We have greater clarity. Now, you might know that I memorized a lot of scripture in the King James Version. The King James Version says, “Beholding as in a mirror the glory of the Lord…” Now our translation leaves out the word “mirror.” Why? Well it’s because the word “beholding” actually has the word “mirror” or “glass.” It really is related to that word. So the King James added the words of course that we have greater clarity “as in a mirror,” “as in a glass.” So it’s consistent with the Scripture, even though my translation leaves that out and kind of assumes it. Now all that to say this in the Old Testament they saw Christ in a very unclear way. They knew that the Messiah would come, there would be prophecies that would be fulfilled, but you and I, instead of just having types and shadows, we look back upon the New Testament and we see Christ and therefore we have greater clarity. As the Bible says about him, Jesus Christ is the one who brings to us the glory of God, veiled of course, that’s why we sing at Christmas “Veiled in flesh, the Godhead see…” because nobody can see God directly, as we emphasized last time but we have greater clarity.
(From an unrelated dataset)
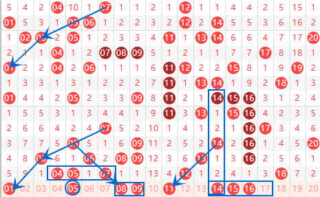 下图为01-20号数字区间走势分析图:

And then we have greater transformation. We are changed into the same glory, by one step after another. Let me read the text directly: “…being transformed into the same image”…I should say…”from one degree of Glory to another.” What an opportunity we have. We see the glory of God in the face of Jesus Christ. We now see God coming to us in Christ and as a result you and I can so be absorbed with Christ, and the glory of the Father that He revealed, that we can be transformed by it.
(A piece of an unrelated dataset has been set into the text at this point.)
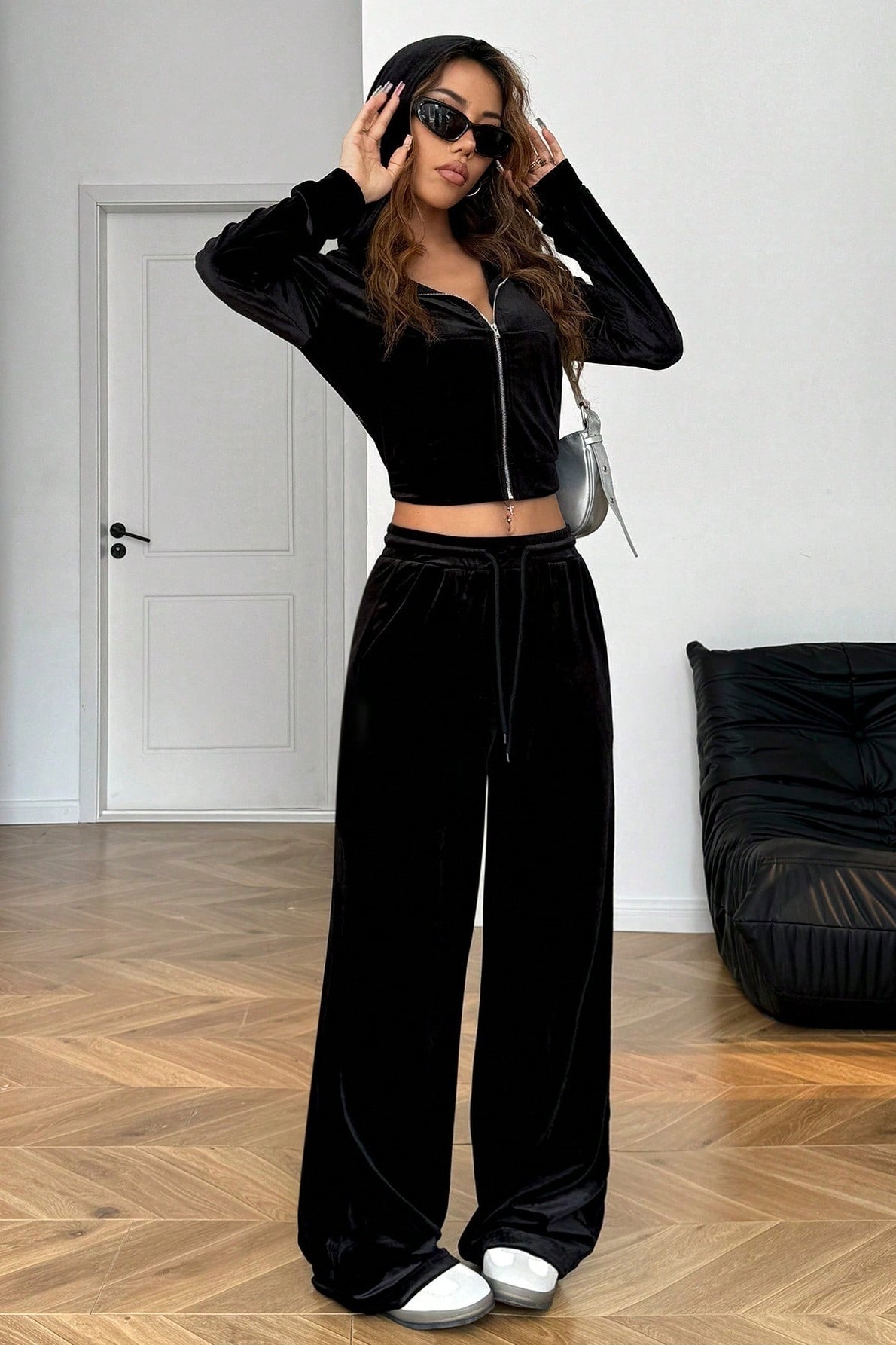 Relaxed Solid Crystal Crop Two Piece Set

Do you remember the story of the Great Stone Face written by Nathaniel Hawthorne? I remember as a boy I think we read it in grade school in Canada. Here’s the story. Ernest was a young man who lived in a village that was beside a mountain and across the valley stones had been thrown together in such a way that they formed a face. And little Ernest would sit there and look across the valley and was just mesmerized by the Great Stone Face. And there was this mythology this idea that within the village someday somebody would come who would resemble the Great Stone Face. Well, you know a businessman came and they all thought, “Oh this man resembles the Great Stone Face” but as they looked at him they realized it was false. And a number of people came and then one day when Ernest was an old man, he was standing up and he was speaking to the people of the village and as they looked across the valley they could see that Ernest, indeed, was the Great Stone Face, that is to say the likeness of the Great Stone Face. He had spent so much time looking at that Great Stone Face that he began to look like it.

There are a couple of lessons that I want to give you today. First of all, beholding comes before becoming. You and I have to spend time in the word, time in prayer, beholding God, beholding Jesus Christ, if we want to become like him. And second, very important, we become what we gaze at. How much time do you spend gazing at your iPhone, gazing at a computer screen? Compare that with the time spent gazing at Jesus Christ, who reveals to us the glory of the Father.

As I’ve been emphasizing in this series, I trust that you are beginning to pick up every single morning, what I’ve suggested, namely pray: “Oh God, glorify Yourself in my life today at my expense. Today may it all be about You and not about me.” Beholding as in a mirror the glory of the Lord, being transformed by beholding His glory in our lives.